▶ _TASK OBJECTIVE_:
Your answer should give again, exactly, the lines from the beginning of the entries below through the line containing "2.- Nacimiento de La Moraleda". It must contain no pictures.

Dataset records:
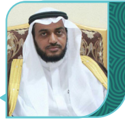
الدكتور خالد بن محمد النقية
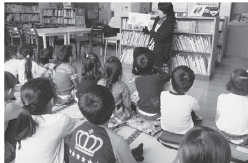
金曜の6校時に司書による読み聞かせ 「へびのみこんだ なにのみこんだ？」
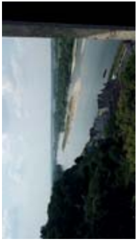
vue du château sur la Loire
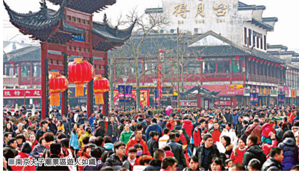
南京夫子廟景区遊人如織。

香港文匯報訊(記者 陳曉平 上海報導) 長三角旅遊發展研究中心日前發佈《長三角旅遊發展報告(2011—2012)》稱，國家支持及區域聯動下，長三角地區旅遊經濟風生水起，去年遊客接待量佔全國近四分之一，旅遊總收入佔全國近三分之一，約為八千億。其中，江蘇、浙江、上海兩省一市旅遊總收入名列全國前茅，整體實力居全國之首。
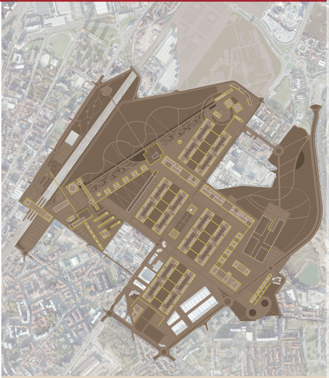
Soglie, Penombre, Interferenze, Permeabilità

Sistema del verde - est-ovest di interesse sovacomunale Sistema del verde - nord-sud di interesse sovacomunale Verde di interesse comunale
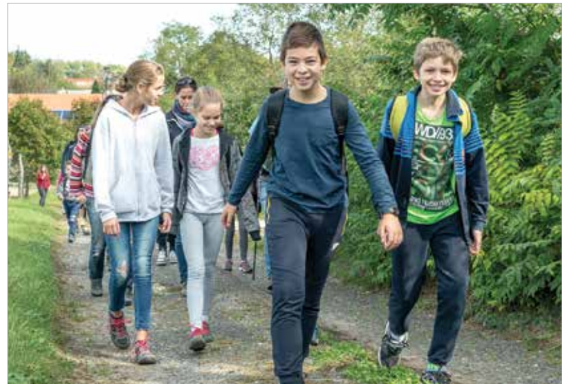
Szaporán szedték a gyerekek a lábukat, mert nemcsak tizennégy kilométer volt előttük, hanem egy mini erdei koncert is
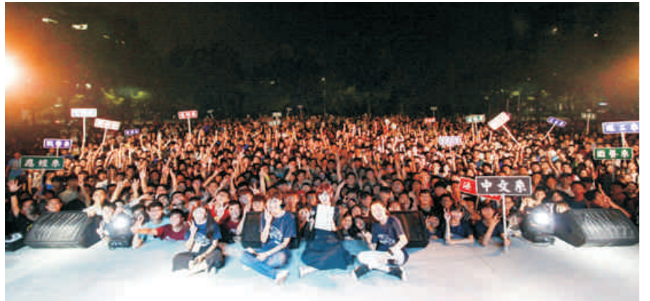
▲ 熱鬧又溫馨的晚會
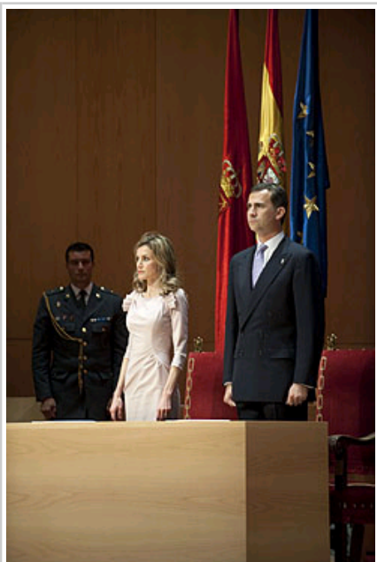
Berorren gorentasunak, ekitaldiaren hasieran
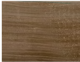
Unterschiedliche Farbspiele auf dem Holz

Bei der Kesseldruckimprägnierung werden zum Schutz der Holzoberfläche Salze in das Holz gepresst. Diese Imprägniersalze reagieren mit Holzinhaltstoffen und können an einigen Stellen „ausblühen“. Diese ungefährlichen, grünlichen Salzkristallisierungen verblassen im Laufe der Zeit.
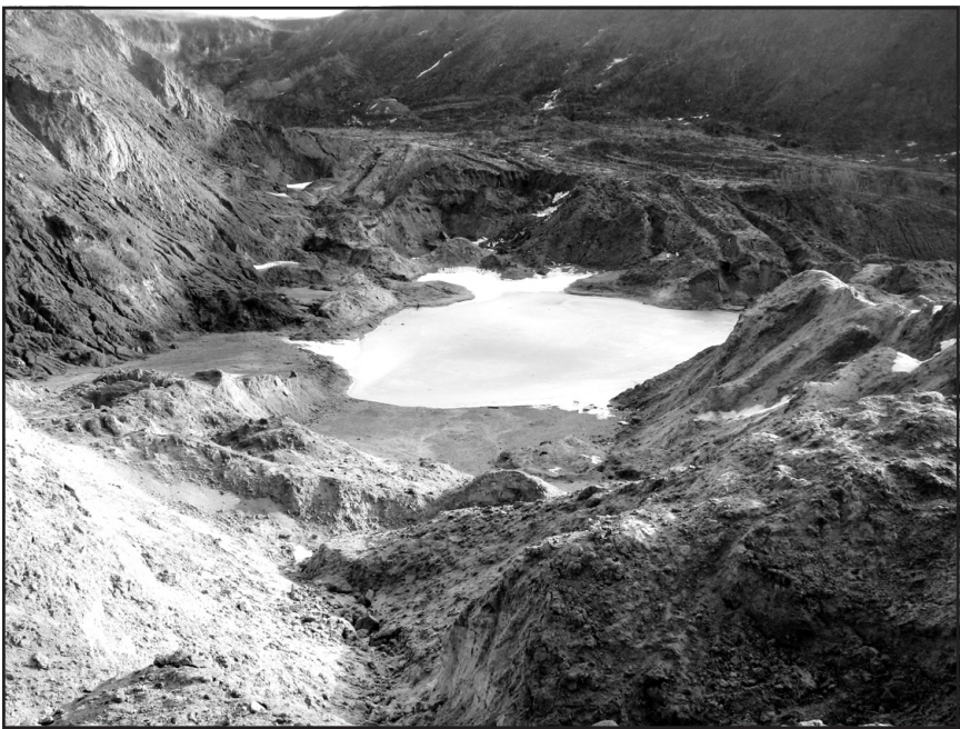
Тут, на місці колишнього піщаного кар'єру, могло б бути гарне місце для відпочинку...

Галина ЮРКА — ТРР “Джерело”. Фото автора.
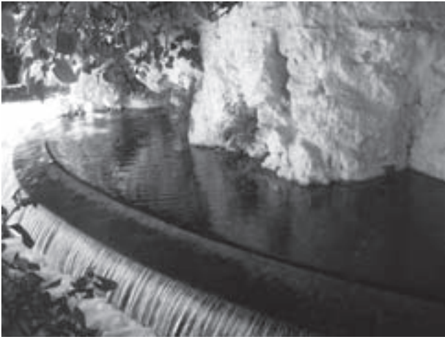
2.- Nacimiento de La Moraleda

Entramos en la población por el Paseo del Prado y justo a la derecha coincidimos con la Fuente de la Solana, un lugar magnífico para empezar a tomar fotografías, ya que nos ofrece una bonita panorámica del pueblo. Continuaremos por la Avenida de Andalucía y giraremos a la izquierda por la calle Alonso Vega hasta llegar al Parque del Nacimiento de la Moraleda. Aquí llenaremos nuestras cantimploras de agua fresca y cristalina y nos detendremos un momento para observar este manantial.

▶ _PROBLEM SOLUTION_:
الدكتور خالد بن محمد النقية
金曜の6校時に司書による読み聞かせ 「へびのみこんだ なにのみこんだ？」
vue du château sur la Loire
南京夫子廟景区遊人如織。

香港文匯報訊(記者 陳曉平 上海報導) 長三角旅遊發展研究中心日前發佈《長三角旅遊發展報告(2011—2012)》稱，國家支持及區域聯動下，長三角地區旅遊經濟風生水起，去年遊客接待量佔全國近四分之一，旅遊總收入佔全國近三分之一，約為八千億。其中，江蘇、浙江、上海兩省一市旅遊總收入名列全國前茅，整體實力居全國之首。
Soglie, Penombre, Interferenze, Permeabilità

Sistema del verde - est-ovest di interesse sovacomunale Sistema del verde - nord-sud di interesse sovacomunale Verde di interesse comunale
Szaporán szedték a gyerekek a lábukat, mert nemcsak tizennégy kilométer volt előttük, hanem egy mini erdei koncert is
▲ 熱鬧又溫馨的晚會
Berorren gorentasunak, ekitaldiaren hasieran
Unterschiedliche Farbspiele auf dem Holz

Bei der Kesseldruckimprägnierung werden zum Schutz der Holzoberfläche Salze in das Holz gepresst. Diese Imprägniersalze reagieren mit Holzinhaltstoffen und können an einigen Stellen „ausblühen“. Diese ungefährlichen, grünlichen Salzkristallisierungen verblassen im Laufe der Zeit.
Тут, на місці колишнього піщаного кар'єру, могло б бути гарне місце для відпочинку...

Галина ЮРКА — ТРР “Джерело”. Фото автора.
2.- Nacimiento de La Moraleda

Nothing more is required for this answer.